Many politicians seemed to think so in the early nineties, asserting that a "peace dividend" was at hand. Since the Gulf War, however, Americans have heard little more about it. Although it's true that some fat was trimmed from the defence budget, both economic and political pressures have tended to keep the basic military-industrial complex intact, insuring a state of global war-readiness and continuing production of ever more advanced weapons systems into the foreseeable future.

Since it's having more and more trouble dominating the world economically, America now claims superpower status largely on the basis of its military superiority. Therefore the US won't be likely to renounce this superiority willingly— especially since the prospect of recapturing world economic superiority appears to depend in part on her ability to bully other nations into granting economic concessions and privileges, as in the past. Hence the US public is being bombarded with propaganda designed to show that an ongoing US military presence is necessary in every corner of the planet.

For example, after the Gulf War the draft of a government White Paper was released in which it was argued that the US must maintain its status as the world's strongest military power and not hesitate to act unilaterally if UN approval for future military actions is not forthcoming. Although then President Bush, under election-year political pressures, denied that he personally held such views, the document reflected the thinking of powerful authoritarian forces in government — thinking that has a way of becoming public policy through secret National Security Directives (see section D.9.2, "Invisible government").

For these reasons it would not be wise to bet on a deep and sustained American demilitarisation. It is true that troop strength is being cut back in response to Soviet withdrawals from Eastern Europe; but these cutbacks are also prompted by the development of automated weapons systems which reduce the number of soldiers needed to win battles, as demonstrated in the Persian Gulf.

Although there may appear to be no urgent need for huge military budgets now that the Soviet threat is gone, the US has found it impossible to kick its forty-year addiction to militarism. As Noam Chomsky points out in many of his works, the "Pentagon System," in which the public is forced to subsidise research and development of high tech industry through subsidies to defence contractors, is a covert substitute in the US for the overt industrial planning policies of other "advanced" capitalist nations, like Germany and Japan. US defence businesses, which are among the biggest lobbyists, cannot afford to lose this "corporate welfare." Moreover, continued corporate downsizing and high levels of unemployment will produce strong pressure to maintain defence industries simply in order to keep people working.

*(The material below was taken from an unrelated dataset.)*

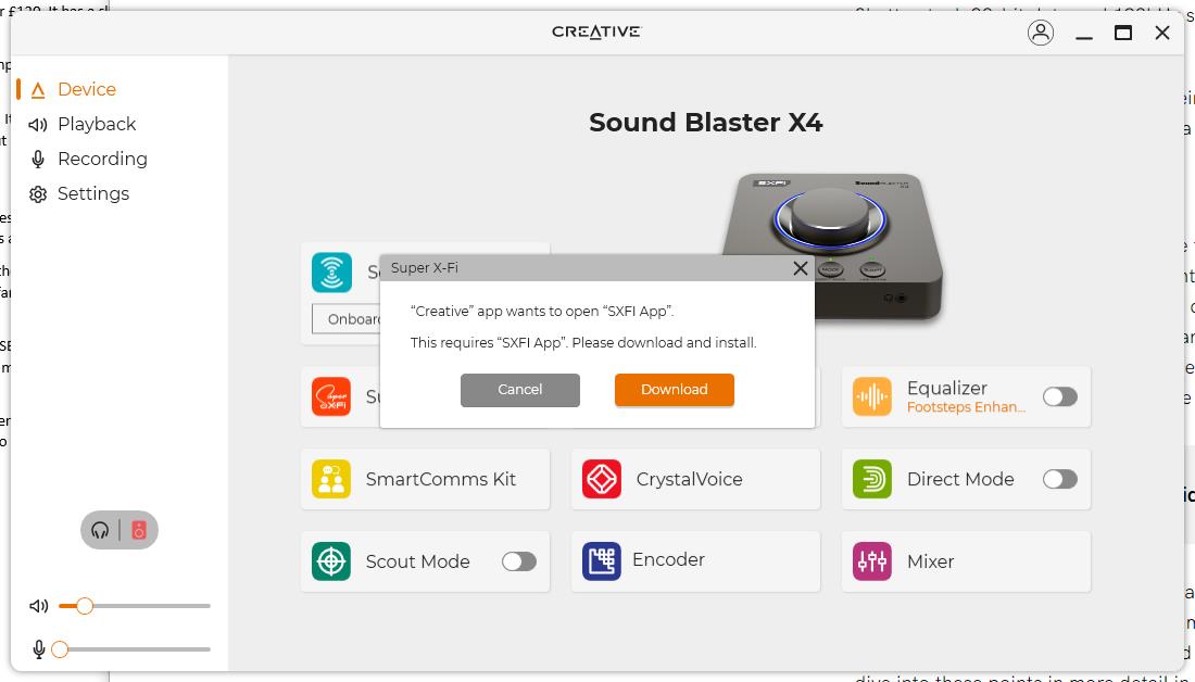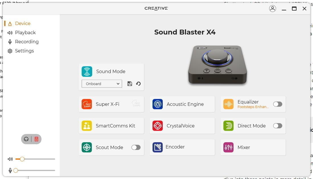 The Creative Sound Blaster X4 uses the Creative App rather than the Creative’s Sound Blaster Command of the X3. This seems to be their main app moving forward, and all my recent reviews have used it.

Despite some recent modest trimming of defence budgets, the demands of US military capitalism still take priority over the needs of the people. For example, Holly Sklar points out that Washington, Detroit, and Philadelphia have higher infant death rates than Jamaica or Costa Rica and that Black America as a whole has a higher infant mortality rate than Nigeria; yet the US still spends less public funds on education than on the military, and more on military bands than on the National Endowment for the Arts ["Brave New World Order," in Cynthia Peters, ed., Collateral Damage, 1992, pp. 3-46]. But of course, politicians continue to maintain that education and social services must be cut back even further because there is "no money" to fund them.

A serious problem at this point, however, is that the collapse of the Soviet Union leaves the Pentagon in desperate need of a sufficiently dangerous and demonic enemy to justify continued military spending in the style to which it's accustomed. Saddam Hussein was temporarily helpful, but he's not enough of a menace to warrant the robust defence budgets of yore now that his military machine has been smashed. There are some indications, however, that the US government has its sights on Iran.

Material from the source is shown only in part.